00:20:40.599 --> 00:20:46.439
But I just kind of want to give you an overview of what that looks like because today, all we're talking about is strategically selfish schedule.

00:20:46.759 --> 00:20:47.159
Scheduling.

00:20:47.319 --> 00:20:52.439
But in the workshop, we do the future planning as it's like you're doing it in the room.

00:20:52.519 --> 00:20:53.879
You have access to the mirror board.

00:20:53.959 --> 00:20:57.399
We do the things, and I'm coaching everybody through it, having all kinds of fun.

00:20:57.559 --> 00:21:09.399
Then we get into strategically self-scheduling where you walk out with like clarity on what the hell you need to stop doing, how to stop doing it, how to outsource, how to opt optimize and automate things.

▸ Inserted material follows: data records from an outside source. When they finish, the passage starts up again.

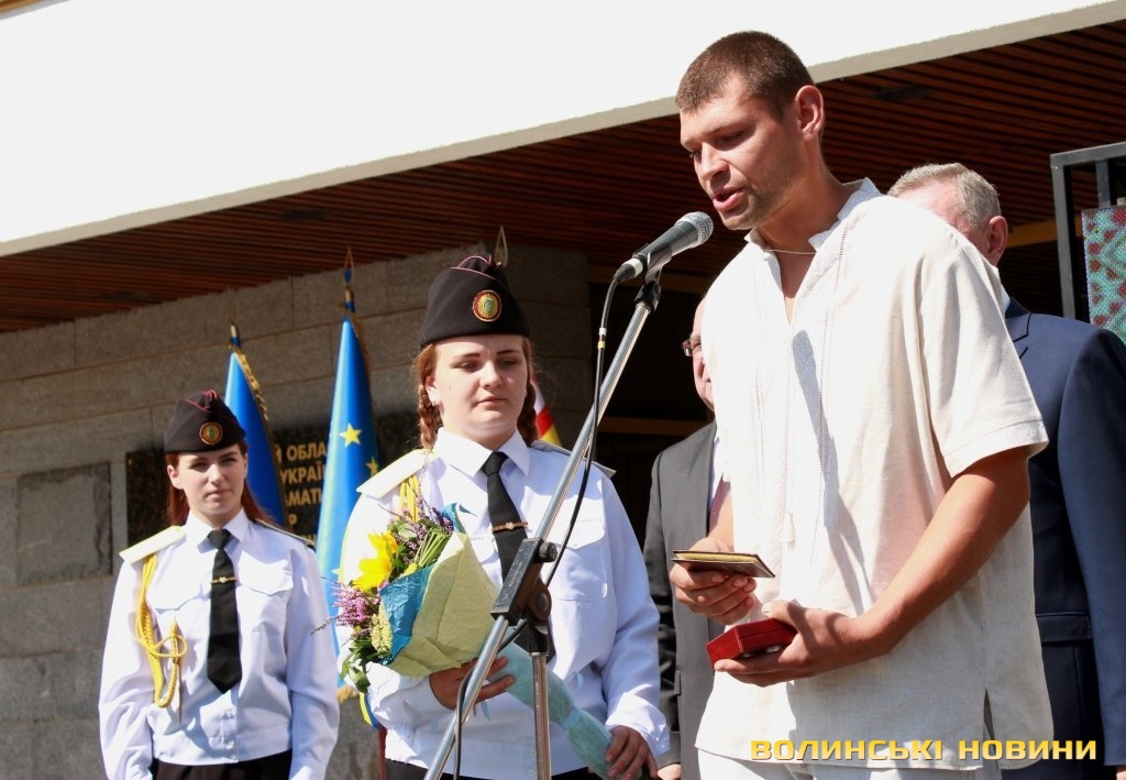 Привітавши гостей міста іноземними мовами, міський голова Микола Романюк зазначив, що Луцьк – надзвичайно красиве, справді європейське місто, зі своєю неповторністю і особливою аурою, наповнений міфами та історіями, колиска багатьох талановитих людей. Здобутки міста були б неможливими без щедрих і талановитих лучан, які самовідданою працею і теплом сердець примножують його славу.Для того, щоб гідно оцінити подвиги та досягнення тих, хто прославляє рідне місто, розпочали із вручення державних нагород. Так, орденом «За мужність» 3-го ступеня посмертно нагородили сержанта стрільця-санітара другої роти охорони 24-го батальйону «Айдар» Романа Луцюка. Орден отримала дружина полеглого. Медаллю «Захиснику Вітчизни» нагородили старшого солдата Павла Ковальського, який служив у складі 51-ї та 128-ї ОМБ, пройшов Іловайський та Дебальцевський котли, молодшого сержанта Богдана Ляшука, який служив заступником командира бойової машини, навідником-оператором 2-го механізованого батальйону 51-ї ОМБ, солдата Анатолія Свередюка, механіка-водія БМП-1 окремої танкової бригади військової частини В-1688, який проявив мужність і героїзм в боях у районі міста Мар’їнка Донецької області, солдата Володимира Хоміча, командира машини зенітно-ракетного артилерійського дивізіону 51-ї ОМБ.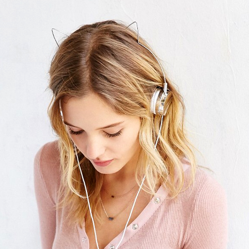 Headphone headwear high sound quality anchor live tennis net red cat ear cute line control with wheat student internet class light riding ear
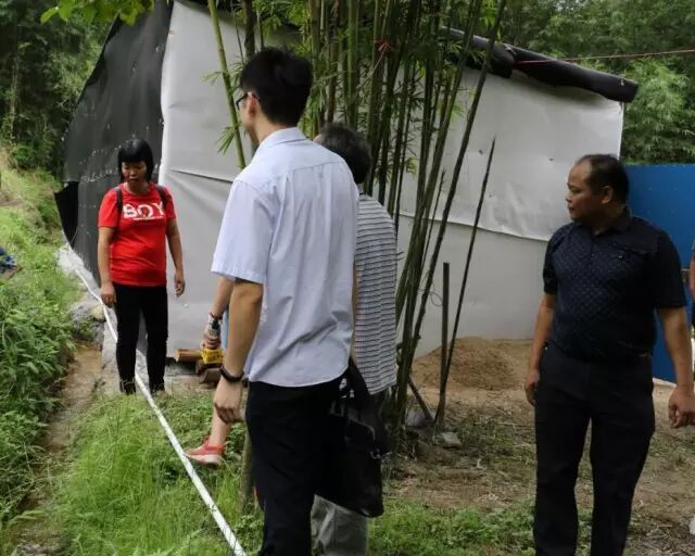 四会市总工会扶贫工作组现场查看鹅棚周边排水沟建设情况。(来源:四会市广播电视台供图)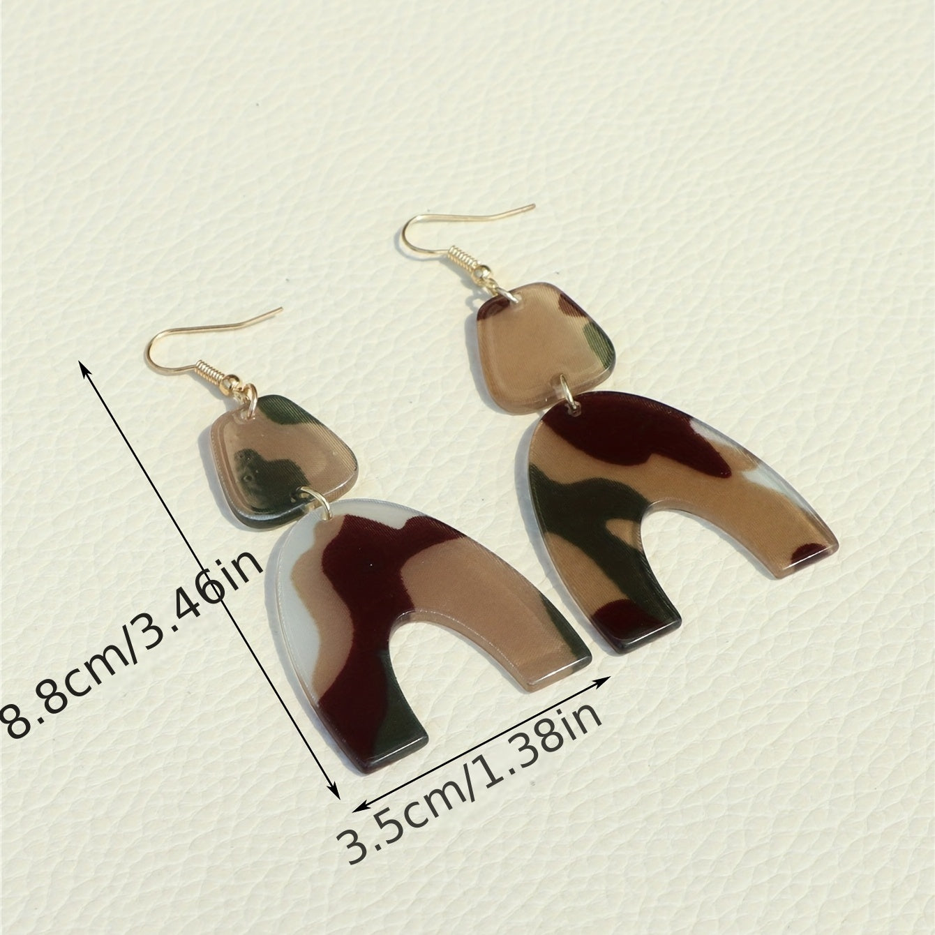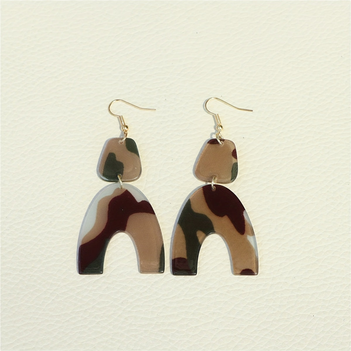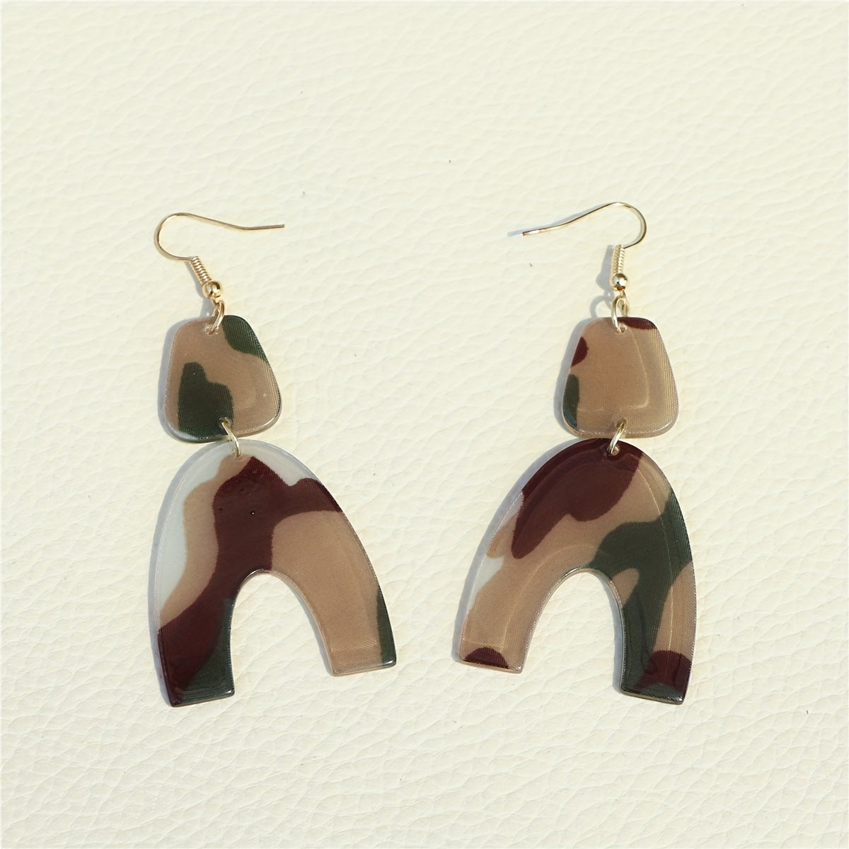 These U shape dangle earrings feature a classic camouflage pattern, making them a stylish accessory. They are made of acrylic and are a great gift for women.

00:21:09.559 --> 00:21:24.599
And then we get down into daily execution, which again, it's a methodology for like getting stuff done and increasing our credibility, all for the purpose of building space into our calendar so we could build fulfillment into our lives, right?

00:21:24.759 --> 00:21:30.119
Or if you just want to like accelerate your career and beat the competition, this will help you with that too.

00:21:30.279 --> 00:21:31.719
I'm all about fulfillment.

00:21:31.799 --> 00:21:33.719
Um, so that's why I talk about that.

00:21:33.959 --> 00:21:40.759
Because you know, career success and all the other things for me are a byproduct of serving others and sharing my gifts and talents.

00:21:40.839 --> 00:21:42.359
So that's kind of the angle I come from.

00:21:42.519 --> 00:21:45.000
If you think that's BS, I understand.

00:21:45.079 --> 00:21:47.159
Um, you're not gonna hurt my feelings.

00:21:47.319 --> 00:22:01.559
Uh, anyways, point being sign up for the workshop, bring a friend because we'll be doing some learning, some application, and you will walk out with your own customized, personalized time management system, right?

00:22:01.799 --> 00:22:08.759
Or don't tell anybody, but it's not really a time management system, it is a self management system.

00:22:09.240 --> 00:22:14.439
Uh, and because when we start focusing on managing ourselves, guess what happens?

00:22:14.679 --> 00:22:20.679
We start really making progress because we take ownership for all of the things that are happening to us.